Went to the Concertgebouw on saturday afternoon to hear the new composition … ci tace of the Dutch composer Eric Verbugt. I hadn’t been to the Concertgebouw since ages, I actually said to F. — who joined me — that it was probably 20 years ago since I’d been there, which is I think exaggerated, but still. I’m used to go to all kind of small places to hear new music — and now a full Concertgebouw. Quite a difference. Also for my ears: used to listen to electro-acoustic music in small places (no not loud), my own band in a rehearsal space (often too loud), or to mp3s coming from bad headphones or tiny computerloudspeakers, I now heard the music acoustic, from a distance, but with lots more coloring.

Well, it was certainly worth the price, since it turned out to be probably the longest programme of the year, almost 4 hours of music. 2 pieces for choir by Ligeti, Kindertotenlieder by Mahler, then 3/4 hours of Eric’s piece, followed by a new composition by Klaas de Vries and, to finish off, a bit of Stravinsky.
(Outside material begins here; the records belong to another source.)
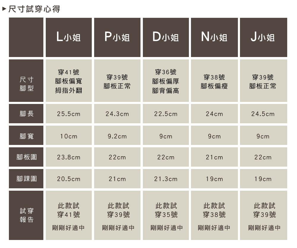 ※ 此鞋款版型正常,可依平常穿著尺寸挑選;若腳板偏寬/厚有拇指外翻者,建議挑選大一號較舒適。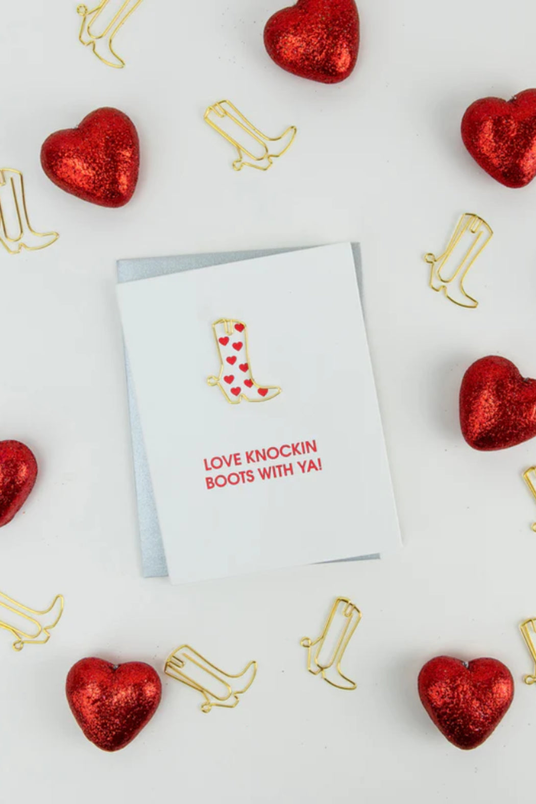 Our "Love Knockin' Boots With Ya" card is letterpress printed on a vintage printing press in sunny California. Card includes a heavy duty cowboy boot paper clip.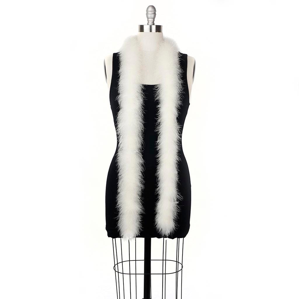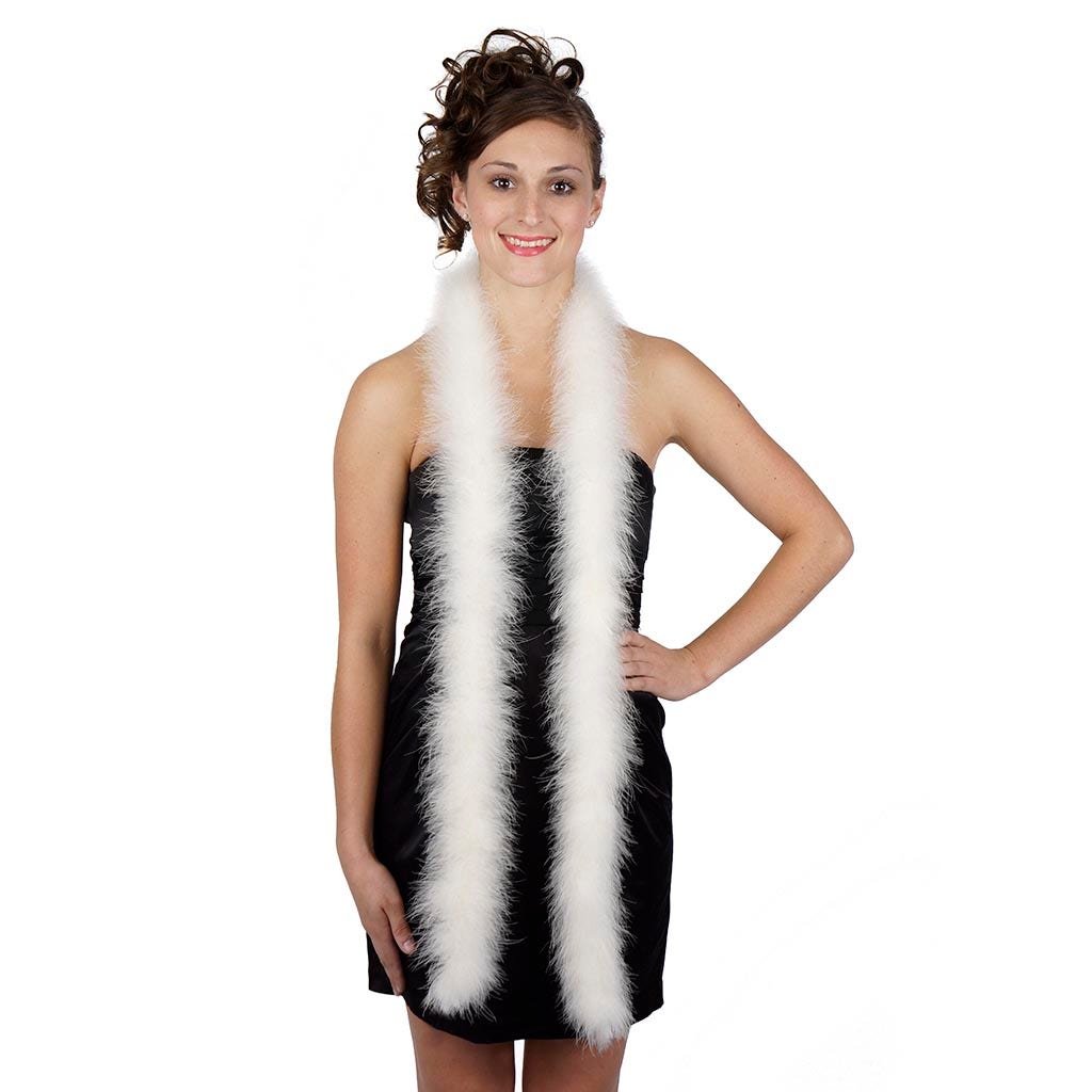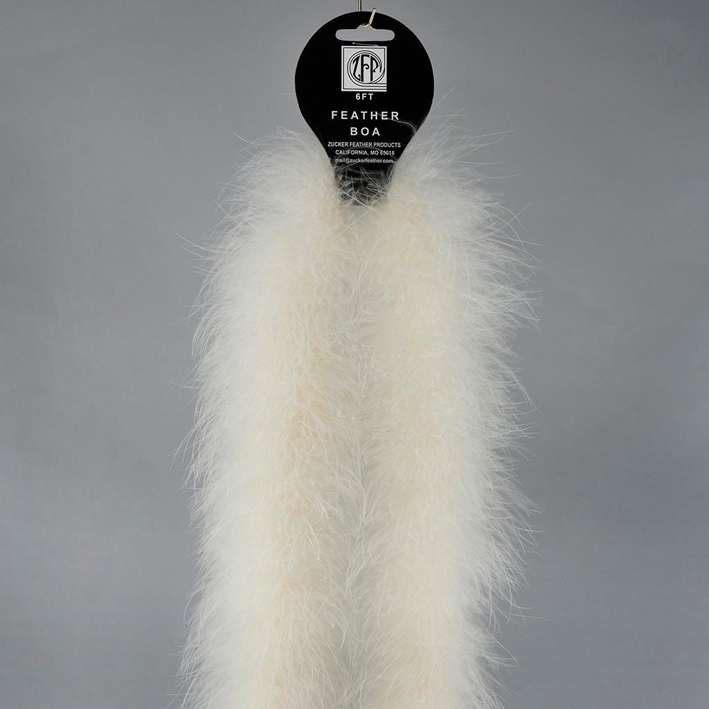 This fluffy feather boa is our fullest ivory marabou boa. This thick feather boa measures 6 ft long by approximately 3" in diameter. Our Zucker feather boa can be cut without unraveling as feathers are sewn on to a cotton cord.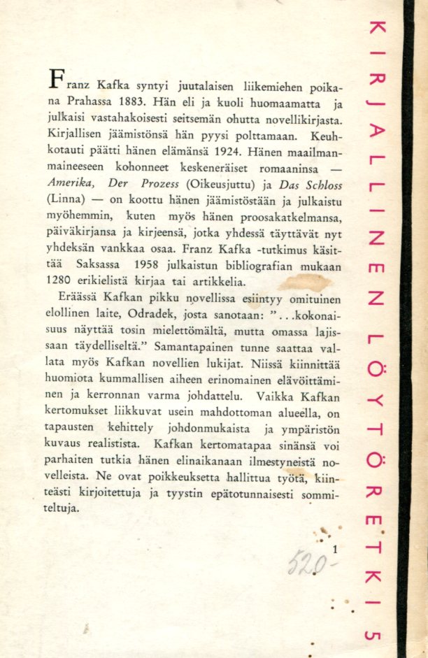 Novellikokoelma Erzählungen und Kleine Prosa (1946) ja Beschreibung Eines Kampfes (1946) Kirjailija: Franz Kafka Kansi: Martti Mykkänen Pehmeät kartonkikannet Kääntäjät: Aarne Peromies Kristiina Kivivuori Eeva-Liisa Manner koko: 12,8 cm x 20,4 cm sivuja: 238 Sarja: Kirjallinen Löytöretki 5 Kustantaja: Gummerus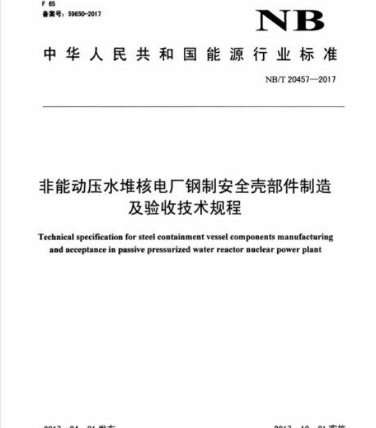 NB/T 20457适用于压水堆核电厂钢制安全壳部件的制造和验收。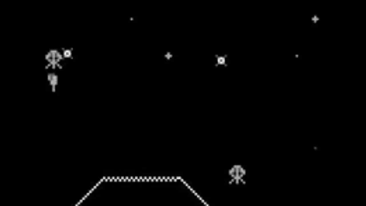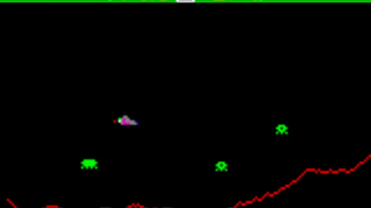 Space Attack is a 1-player arcade game for the VIC-20. The player controls a small vessel at the bottom of the screen that moves horizontally and fires vertically. Numerous alien vessels approach from the top. These vessels move side to side, and fire angled and straight shots. The player gains 10, 20, 30, or 40 points depending on the ship destroyed. Progressively faster aliens appear as the game progresses. There are 3 skill levels, and the player has 3 vessels each game.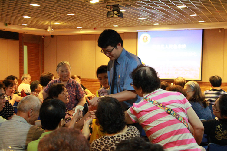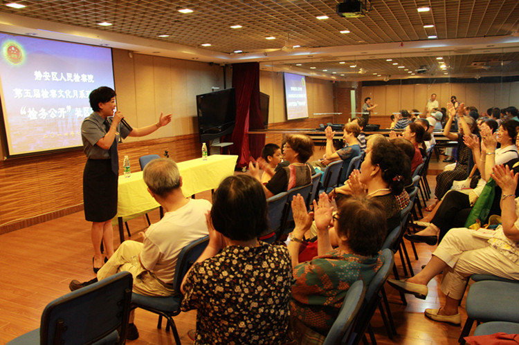 7月17日上午,上海静安检察院第五届检察文化月之“检务公开社区行”专场活动在江宁社区三星坊居委举行。 此次来自静安检察院政治部、公诉科、办公室、社区检察科的干警们深入社区,通过“微博微信展现阳光检务新魅力”的演讲、原创诗朗诵“中国出了个毛泽东”、检务公开知识问答、歌曲演唱等丰富多样的表演形式和与居民的互动交流,宣传检察院阳光检务的做法,将“检务公开”活动与法制宣讲团入社区活动紧密结合,实现宣传检察职能,展现新时期检察官精神面貌,预防犯罪、维护居民权益的多赢。 活动现场干警们向居民发放便民联系卡和各类检务资料100余份,提供法律咨询服务10余次,解答居民的疑问,进一步介绍、推广检察职能。100多名社区居民冒着酷暑参加了活动,并踊跃参与知识问答、歌舞表演互动,取得了很好的效果。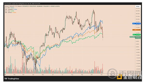 BTC/USD 与纳斯达克、道琼斯和标普 500 指数年初至今走势图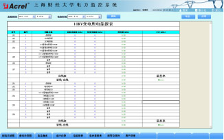 對用電量的管理以報表形式呈現,該報表可以呈現系統運行期間的任意時間段內的各回路用電,每個進線回路及它所帶的出線回路制作在一張表內,可方便查詢。如有多張表格,可在表頁最下端選擇切換。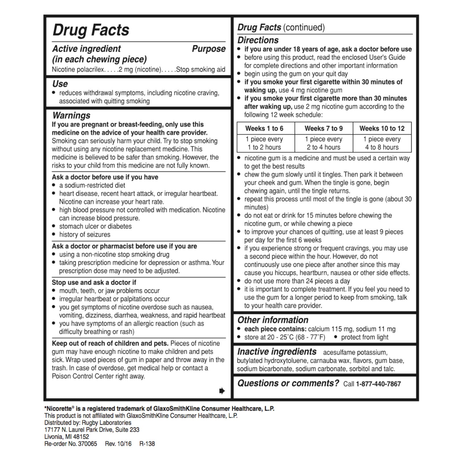Rugby Gum Uncoated 2mg Original 110 piece box

The reviews today all touched upon the enormous lenght of this matinee. All works with an important role for text.

This was the programme: http://www.concertgebouw.nl/cgb/live/ConcertInfo.jsp?concert_id=13423.

I realized again why I much rather go to hear music performed live than buy a cd (euh, I mean download mp3s at Rapidshare): it is so great to hear how music is always ‘in the making’, that you can hear the process, the creation, the moulding of the clay, the material. even when it’s already composed — you hear that the composing was a ‘doing’.

Even when I would not have known Eric Verbugt personally, still his piece — for orchestra (of to be more precise 2 large ensembles), voice, oboe and choir — would’ve been my favorite. His way of writing totally comes from the classic tradition — a tradition of pushing the boundaries — it is a progression of that tradition (say, from Mahler via Ligeti and Nono to Lachenmann — well, here my knowledge is not thorough enough), with the result that, to my ears, it sounds as ‘beauty’ as beauty should be, in music, however ‘harsh’ it my sound sometimes. The writing for the ensembles is maybe stronger than the solo-pieces — though the oboe-solo, totally written-out, is very very virtuoso, with glissandi, multiphonics etc. It is virtuoso in a way one normally only gets to hear in free improv or free jazz (and that even made me think of how afro-american composers who came out of free jazz wrote for large orchestra).

To my 20th & 21st ears Mahler sounded, well, very nice, but a bit bland in comparision. (I know, that’s unfair to Mahler). The Ligeti pieces were breathtaking — but that was no surprise. Strawinsky was a first timer for me, believe it or not, I’d never heard any of his 12-tone pieces. The new composition by Klaas de Vries was nice but sounded a bit outdated due to the fairly simple, or even primitive use of tape. Would’ve been so much better if he’d processed the sound of the choir as well…

Btw, how I met Eric Verbugt is a nice story. Years ago he was googling his favorite writers — Joyce, Finnegans Wake, Arno Schmidt, Thomas Pynchon, Gravity’s Rainbow; and every time my homepage was amongst the results. So he sent me an e-mail….

Eric Verbugt: http://www.ericverbugt.nl/.

en,music | October 23, 2006 | 23:13 | Comments Off on Eric Verbugt … ci tace |

Lucio Capece & free downloads

Monday at DNK, Amsterdam: No-Input-Night, with a.o. Lucio Capece — Toshimaru (Toshio) Nakamura: http://www.dnk-amsterdam.com/.

Yours truly still has to come up with a bit of publicity text … Though I like the mention that the no-input mixer is such a hip instrument that it doesn’t have a page on wikipedia.

Listening now to a duo of Capece and Yannis Kyriakides; free download here:
http://www.audiotong.net/audio/releases/tng3005-en.html
http://www.audiotong.net/audio/releases/tng1010-en.html.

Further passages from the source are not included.